The argument comes with a difficulty because it is about a method which is not familiar to many. The terms ‘Socratic method’ and ‘Socratic dialogue’ describe a wide variety of practices, ranging from ruthless questioning in Law Schools to critical thinking exercises with children. Yet, in this article, they denote a distinctive method that does not necessarily match other understandings of ‘Socratic.’ Moreover, Leonard Nelson claims that his method cannot be explained, but instead should be experienced, and experienced over a period of time. In support, he quotes the following famous passage from Plato’s Seventh Letter: It does not at all admit of verbal expression like other studies, but as a result of continued application to the subject itself and communication therewith, it is brought to birth in the soul, as suddenly as light that is kindled by a leaping spark, and thereafter it nourishes itself.
2
This article introduces the method of Socratic dialogue by following the structure of a Socratic dialogue. It is divided into five phases: first one needs to find participants; next a question is formed; then experiences are told: one experience is chosen; and a judgement is formed. It should be noted that in an actual Socratic dialogue, these five phases cannot always be as clearly distinguished as I set them out here, and the judgement is often considered only the starting-point for the conversation. 3 Throughout this article, I also present a philosophical underpinning of Socratic dialogue using the work of Hannah Arendt. As I shall argue in the first section, there is a need to find a new philosophical underpinning, as practice has moved away from its traditional Kantian background. Arendt’s work provides, moreover, a wider context for my reflections.

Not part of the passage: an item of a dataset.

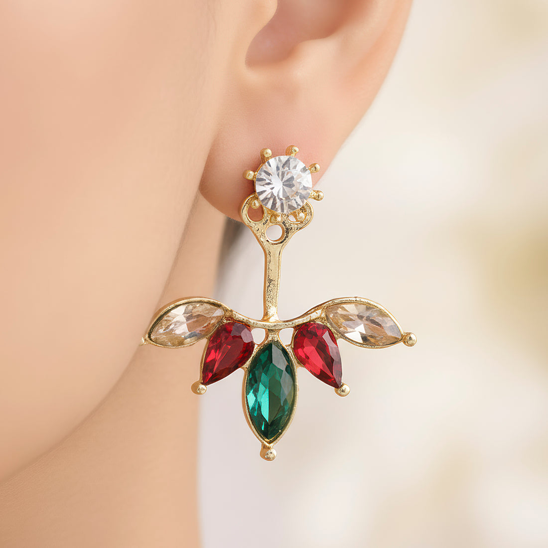 PRAO Earrings Anti-Tarnish Oval Multi-Color Crystals Danglers

Phase one: Finding participants
Socratic dialogues in the Nelson–Heckmann tradition take place in institutes of higher education as well as in community centres, businesses, prisons and living rooms. They are usually advertised, or they are offered as part of a curriculum, and participants are given a general idea of what to expect. In this respect, they differ from Socrates’ conversations in Plato’s writings in which Socrates usually just starts speaking to friends he meets in the street or at a party.
There is no simple way to invite participants to a dialogue which they will only understand once they have experienced it. I normally use two different approaches. The first is to introduce the method by outlining that it allows for a different conversation from those participants are more likely to be familiar with. I have called these ‘discussion’ and ‘discourse of (uncritical) acceptance.’ What follows should not be considered a taxonomy of conversation, but an indication of the significantly different atmosphere of a Socratic dialogue, which one may experience when participating.
Socratic dialogue is first of all different from ‘discussion.’ 4 It moves away from an emphasis on winning and losing, and from practical concerns to the importance of the conversation itself as a shared undertaking. As Kristof van Rossem argues, ‘participants try to understand each other and engage in a common enterprise’ (Van Rossem, 2006: 48). In discussion, in contrast, two or more positions are thought in conflict with one another and the goal is to convince the other and win the argument. Extreme examples of this kind of conversation I consider Prime Minister’s Question Time, or discussions on Fox News. Such conversations are characterised by their adversarial nature of challenges and refutations. At its best, this kind of refutation helps sharpen arguments, at its worst, it turns into a shouting match.
The second form of conversation is one where a difference of opinion is not pursued at all. Its proponents use commonplaces like ‘Everyone is entitled to their own opinion.’ Examples of this kind of conversation come from awkward seminars, where students will not explore or challenge each other’s positions and arguments, as well as from conversations where, for often good reasons, people are determined not to offend. At its best this kind of conversation allows for differences to exist, at its worst it suggests a lack of intellectual curiosity. It can also silence much needed criticism. I shall call this kind of conversation ‘discourse of (uncritical) acceptance.’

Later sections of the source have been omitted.